Additionally, the contact_score calculated in this step was entirely 0. Does contact_score refer to potential contacts? If not, which step calculates potential contacts? I would like to proceed with the next screening only for peptide backbones with potential contacts greater than 2, and stop further scoring calculations for those that do not meet this criterion. Does the source code support such functionality, and how can it be implemented?

swanss commented 1 month ago

Hi to both of you! Would you be willing to send me your inputs/log/output files for the structure scoring step so that I could inspect them and confirm what's going on? My email is sbstnswnsn@gmail.com

htshtshtshts commented 1 month ago

Thank you very much. I'll organize and send you the input and output files for this step right away. Additionally, I have two more questions:

For the calculation of potential contacts, do I need to add the optional parameter countContacts in the fourth step?

After designing with dTERMen, which outputs an amino acid sequence, is Rosetta Packing used to obtain the full-atom PDB file required for Rosetta relax?

swanss commented 1 month ago

Can you clarify about the situation where, in all_fragment_scores, a particular peptide residue has an infinite score with respect to one target protein residue but a non-infinite score with respect to another target protein residue? Is it still the case that the particular peptide residue merits an infinite score?

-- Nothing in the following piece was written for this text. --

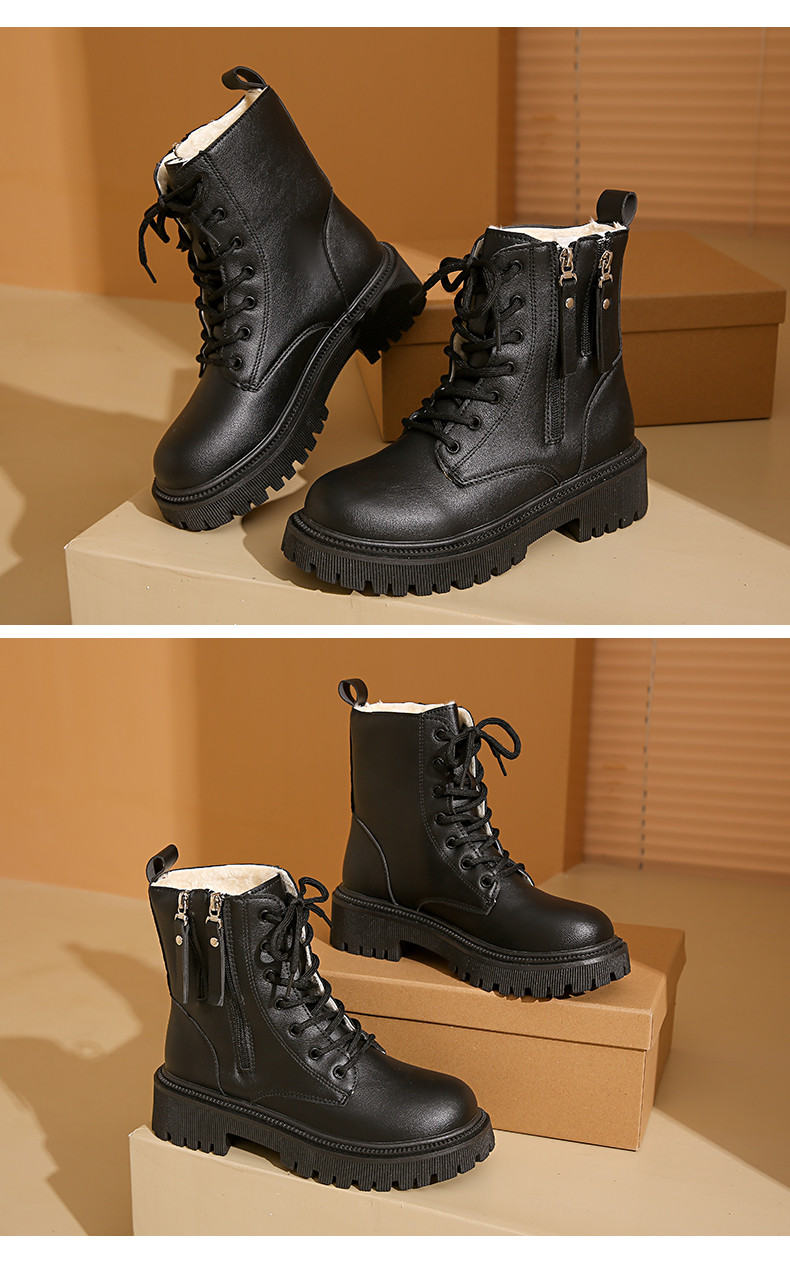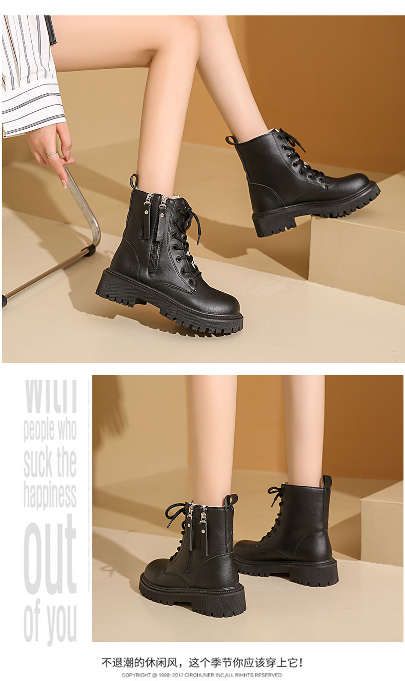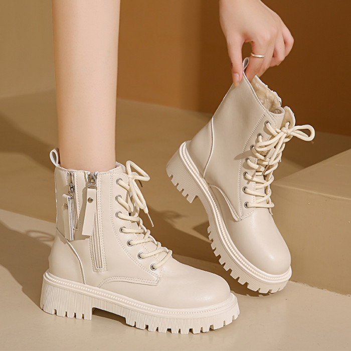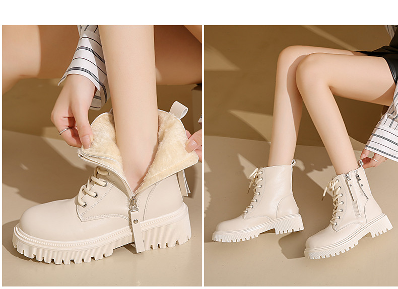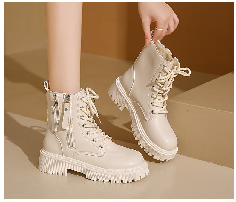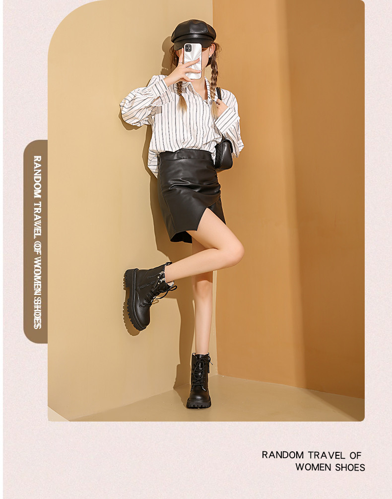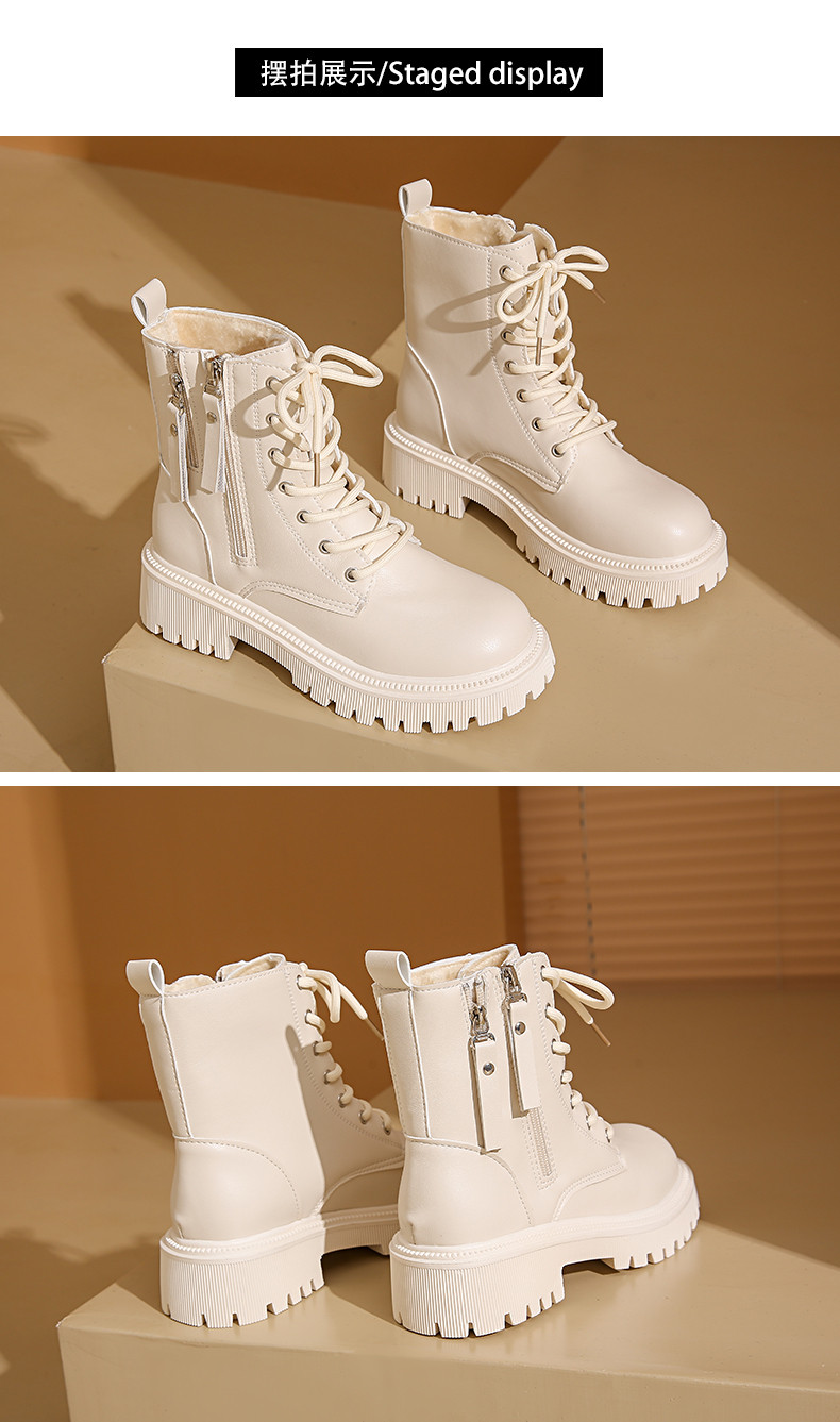 馬丁靴女款2025新款英倫風冬季厚底白色短靴配裙子大碼高幫靴子女
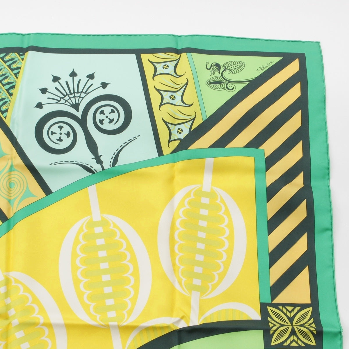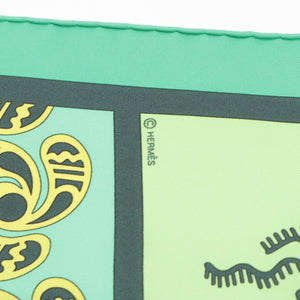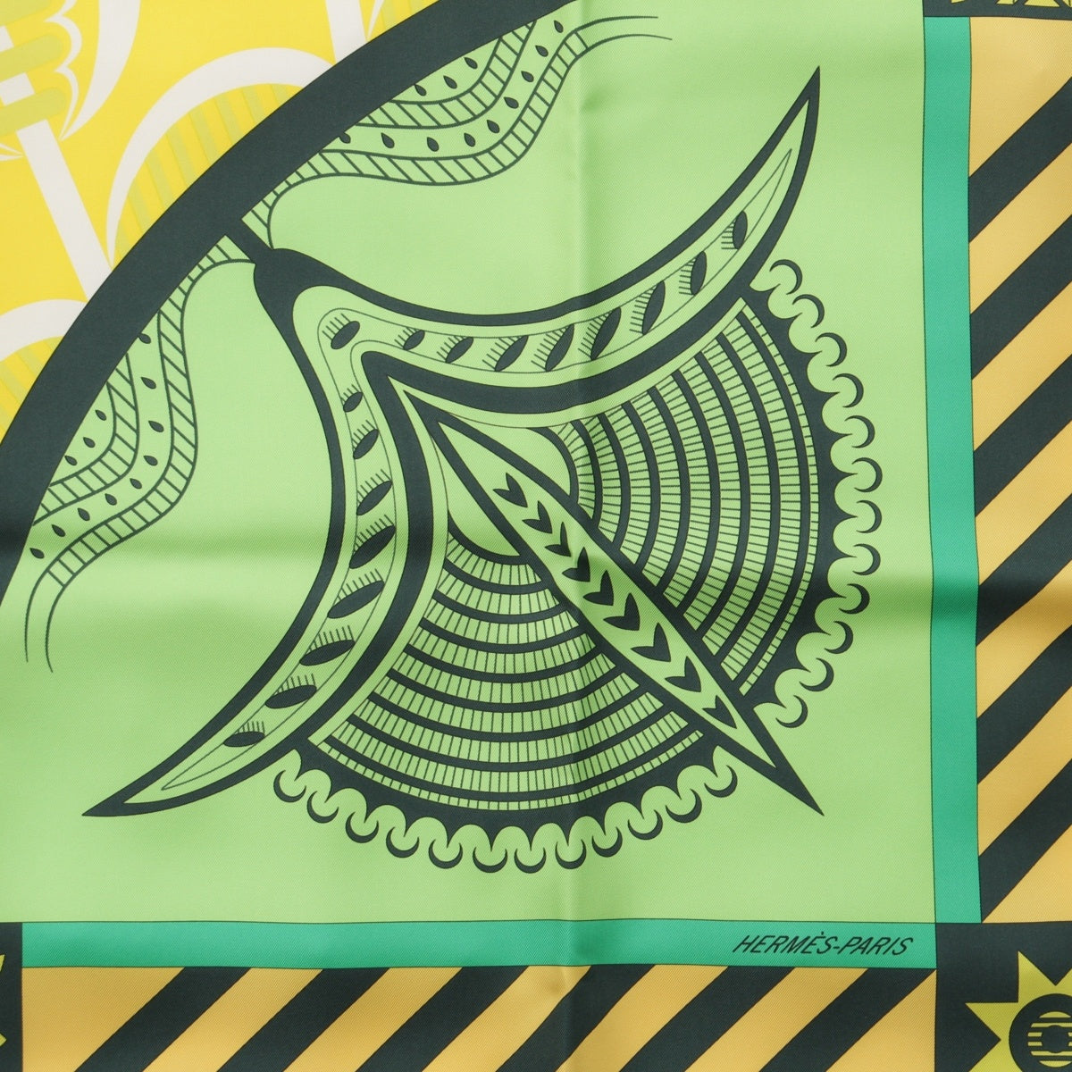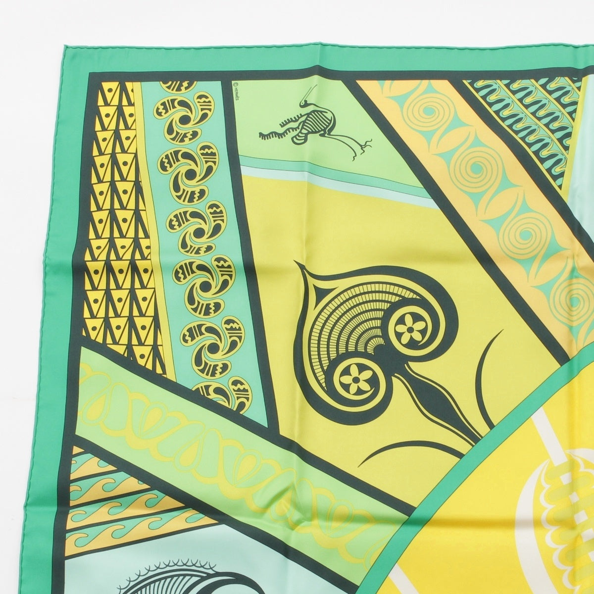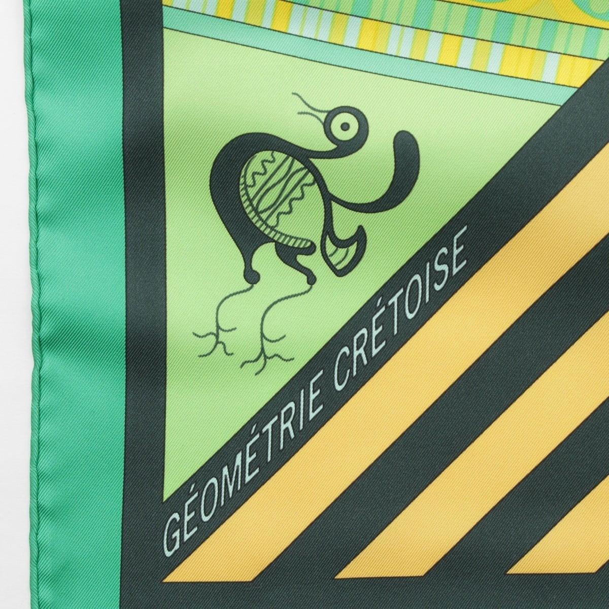 HERMES silk Carre 90 GEOMETRIE CRETOISE Cretan Geometry scarf green

@proteins247 My apologies that I missed this specific question! In that case, it means that the geometry of one contact (i.e. a fragment defined from the peptide, target residue in contact and their flanking res) has matches in the structural database, while the other doesn't. My thoughts have changed on this over time. I previously would say to set the residues score to INF, but now I think I would just set the INF contacts to some high "penalty" value (e.g. the max score for any contact) and then average to get the score the peptide.

swanss commented 1 month ago

In the sixth step, I also encountered an issue with infinities, where four-fifths of the peptide backbones contained residues with num_results being 0. I noticed that there were also many residues with num_results of 1. If we discard those with 0 matches and retain only those with 1 match, it might seem too strict and potentially lead to the loss of some peptide backbones with good potential, such as those with high scores from other residues. Are there any scripts in the source code for filtering peptide backbones based on their scores (outputting the paths of high-scoring peptide backbones from different clusters, and subsequently incorporating the target protein into their pdb files for dTERMen design)?

I agree, it's too strict to remove things with zero matches, I would just sort by average score over contacts and take the top N to the next stage. Sorry, I don't have any more scripts for filtering/scoring than what is already in the repo.

Additionally, the contact_score calculated in this step was entirely 0. Does contact_score refer to potential contacts? If not, which step calculates potential contacts? I would like to proceed with the next screening only for peptide backbones with potential contacts greater than 2, and stop further scoring calculations for those that do not meet this criterion. Does the source code support such functionality, and how can it be implemented?

The contact score (it's a terrible generic name, I know) was something different that we experimented with but didn't use in the paper. Each line in the fragscores*.csv is a potential contact, so you can count those after scoring to know how many potential contacts the structure had.

As I mentioned in other issues, I'm working on a new paper that applied a similar approach, but with updated code for scoring (which is considerably faster). I will continue to answer questions for people using this repo, but I will focus on adding new features and options to that one.

htshtshtshts commented 1 month ago

Ah, I see. Thanks for clearing that up. Really excited for your new paper! By the way, in the 'samplePaths' step, I noticed there's an option '--countContacts'. I used it to count the potential contacts and picked out the peptide backbones with more of them for the next steps.